Work instruction:
Repeat each record exactly, skipping the pictures.

Records from a data source
►

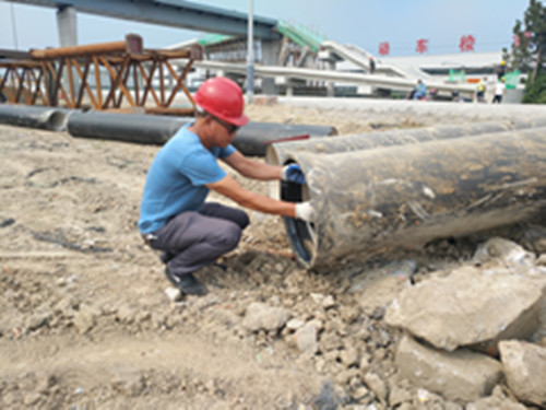一根根鑄鐵自來水管道旁邊,被曬得黑黢黢的嚴慶章按照施工程序,把橡膠圈一絲不茍地卡進管道卡槽。“這幾天的太陽毒得很,我們調整了作業時間,向早晚延伸,避開中午的高溫時段,早上5點鐘就上工地了。”老淮江路拓寬改造工程是今年區政府的重點工程,為保證工程按時保質完成,基建施工進度要保持同步,嚴慶章告訴記者,氣溫再高,定下來的工期一天也不能耽擱,爭取月底前完工。
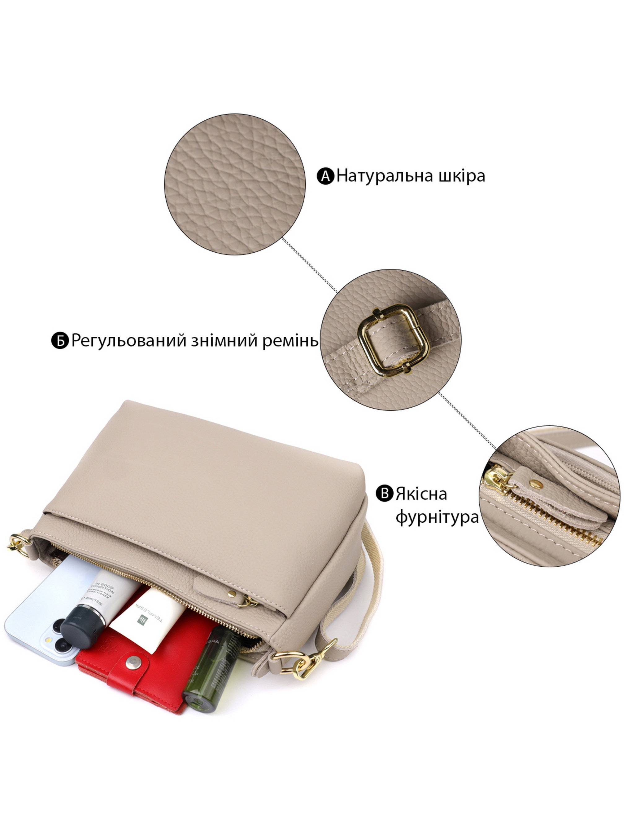 Цвет: серый; Материал: натуральная кожа; Размер (ШхВхГ, см): 27х16х11см; Длина ремешка: 130 см (регулируется в меньшую сторону); Страна производитель: Китай; Бренд: Vintage. Особенности: - 1 основное отделение, что закрывается на молнию; - внутри: потайной карман на молнии и карман-перегородка на молнии; - два кармана на молниях с лицевой и тыльной стороны; - цвет фурнитуры под желтое золото; - съемный кожаный ремешок. Женская кожаная сумка серого цвета с формоустойчивым дном - современная классика и практичность в одном аксессуаре. Эта стильная модель выполнена из натуральной кожи благородного серого оттенка, который универсален и элегантен. Серый цвет легко сочетается с любой одеждой, придавая образу сдержанность и утонченность, что делает сумку отличным выбором для делового и повседневного стиля. Формоустойчивое дно обеспечивает сохранение чёткой формы сумки, позволяя ей выглядеть аккуратно и презентабельно даже при активном использовании. Три основных отделения, каждое из которых закрывается на молнию, создают удобное и безопасное пространство для хранения всех необходимых вещей. Внутри центрального отделения находятся два кармана потайной на молнии и открытый для удобного хранения мелочей и гаджетов. Сумка оснащена одним съёмным кожаным ремешком, который можно носить на плече или через плечо, делая аксессуар максимально универсальным и комфортным. Фурнитура выполнена в тёплом цвете жёлтого золота, добавляющем контраст и изысканность к сдержанному серому оттенку кожи. Эта серая кожаная сумка с формоустойчивым дном - отличный выбор для тех, кто ценит стиль, качество и функциональность в повседневных аксессуарах.
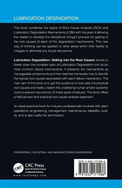 1. Lubrication Basics. 2. PROACT® Root Cause Analysis Basics. 3. The Application of Root Cause Analysis (RCA) to Lubrication Degradation Related Failures. 4. Building of a Tree for the LDM: Oxidation. 5. Building of a Tree for the LDM: Thermal Degradation. 6. Building of a Tree for the LDM: Microdieseling. 7. Building of a Tree for the LDM: Electrostatic Spark Discharge. 8. Building of a Tree for the LDM: Additive Depletion. 9. Building of a Tree for the LDM: Contamination. 10. Bringing it all Together: Fan Motor Failure RCA.
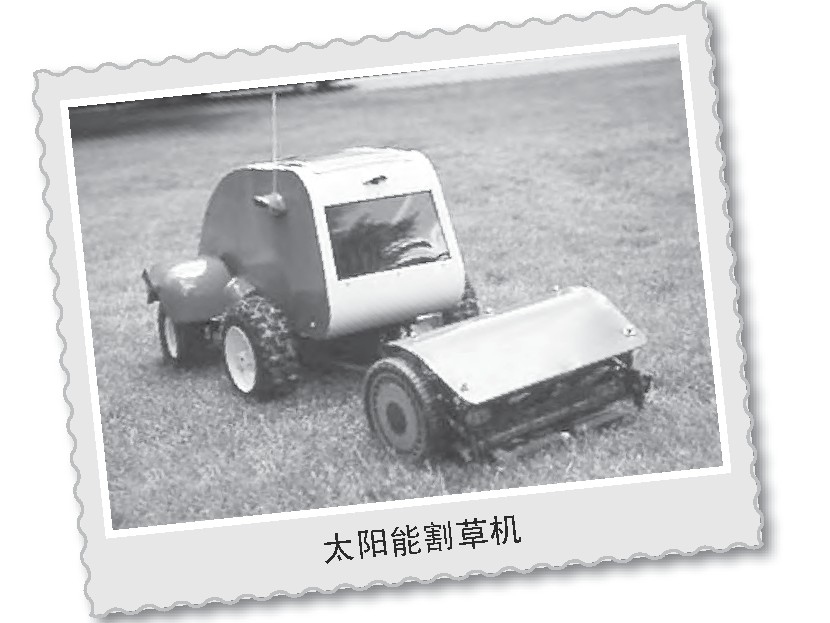 “没关系,我们可以选择太阳能割草机,现在市场上已经出现了太阳能割草机,而且节能又卫生。”时间机器告诉大家,“瑞士的富世华公司设计出了一种太阳能混合动力自动割草机——‘瓦力’。这是世界上第一台自动化割草机,既可由电池动力驱动,也可以由太阳能供给动力。”
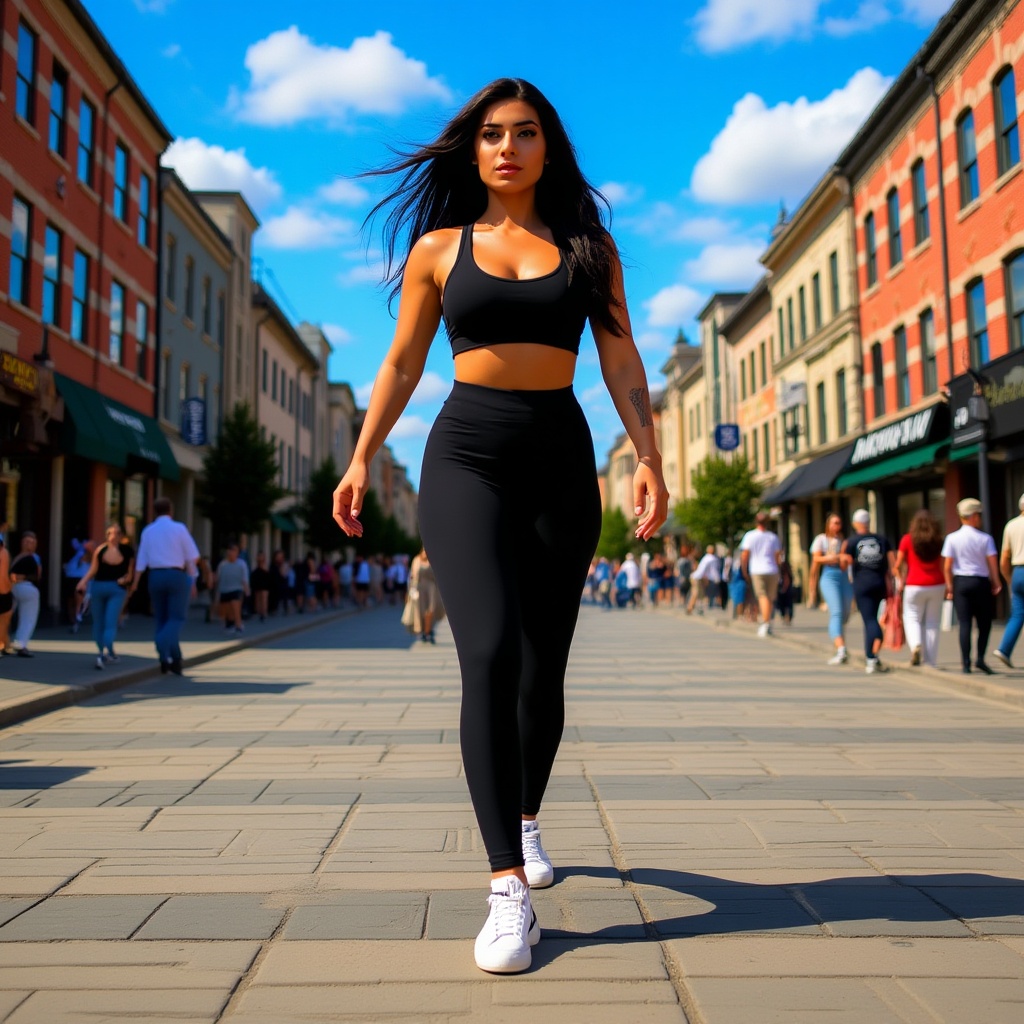 View this AI-generated image featuring a stunning full body portrait of a beautiful fitness enthusiast strolling through a bustling downtown area she has long flowing hair and a well proportioned symmetrical face with captivating reflective eyes the scene features intricately detailed lighting inclu

◄

Exercise solution:
一根根鑄鐵自來水管道旁邊,被曬得黑黢黢的嚴慶章按照施工程序,把橡膠圈一絲不茍地卡進管道卡槽。“這幾天的太陽毒得很,我們調整了作業時間,向早晚延伸,避開中午的高溫時段,早上5點鐘就上工地了。”老淮江路拓寬改造工程是今年區政府的重點工程,為保證工程按時保質完成,基建施工進度要保持同步,嚴慶章告訴記者,氣溫再高,定下來的工期一天也不能耽擱,爭取月底前完工。
 Цвет: серый; Материал: натуральная кожа; Размер (ШхВхГ, см): 27х16х11см; Длина ремешка: 130 см (регулируется в меньшую сторону); Страна производитель: Китай; Бренд: Vintage. Особенности: - 1 основное отделение, что закрывается на молнию; - внутри: потайной карман на молнии и карман-перегородка на молнии; - два кармана на молниях с лицевой и тыльной стороны; - цвет фурнитуры под желтое золото; - съемный кожаный ремешок. Женская кожаная сумка серого цвета с формоустойчивым дном - современная классика и практичность в одном аксессуаре. Эта стильная модель выполнена из натуральной кожи благородного серого оттенка, который универсален и элегантен. Серый цвет легко сочетается с любой одеждой, придавая образу сдержанность и утонченность, что делает сумку отличным выбором для делового и повседневного стиля. Формоустойчивое дно обеспечивает сохранение чёткой формы сумки, позволяя ей выглядеть аккуратно и презентабельно даже при активном использовании. Три основных отделения, каждое из которых закрывается на молнию, создают удобное и безопасное пространство для хранения всех необходимых вещей. Внутри центрального отделения находятся два кармана потайной на молнии и открытый для удобного хранения мелочей и гаджетов. Сумка оснащена одним съёмным кожаным ремешком, который можно носить на плече или через плечо, делая аксессуар максимально универсальным и комфортным. Фурнитура выполнена в тёплом цвете жёлтого золота, добавляющем контраст и изысканность к сдержанному серому оттенку кожи. Эта серая кожаная сумка с формоустойчивым дном - отличный выбор для тех, кто ценит стиль, качество и функциональность в повседневных аксессуарах.
 1. Lubrication Basics. 2. PROACT® Root Cause Analysis Basics. 3. The Application of Root Cause Analysis (RCA) to Lubrication Degradation Related Failures. 4. Building of a Tree for the LDM: Oxidation. 5. Building of a Tree for the LDM: Thermal Degradation. 6. Building of a Tree for the LDM: Microdieseling. 7. Building of a Tree for the LDM: Electrostatic Spark Discharge. 8. Building of a Tree for the LDM: Additive Depletion. 9. Building of a Tree for the LDM: Contamination. 10. Bringing it all Together: Fan Motor Failure RCA.
 “没关系,我们可以选择太阳能割草机,现在市场上已经出现了太阳能割草机,而且节能又卫生。”时间机器告诉大家,“瑞士的富世华公司设计出了一种太阳能混合动力自动割草机——‘瓦力’。这是世界上第一台自动化割草机,既可由电池动力驱动,也可以由太阳能供给动力。”
 View this AI-generated image featuring a stunning full body portrait of a beautiful fitness enthusiast strolling through a bustling downtown area she has long flowing hair and a well proportioned symmetrical face with captivating reflective eyes the scene features intricately detailed lighting inclu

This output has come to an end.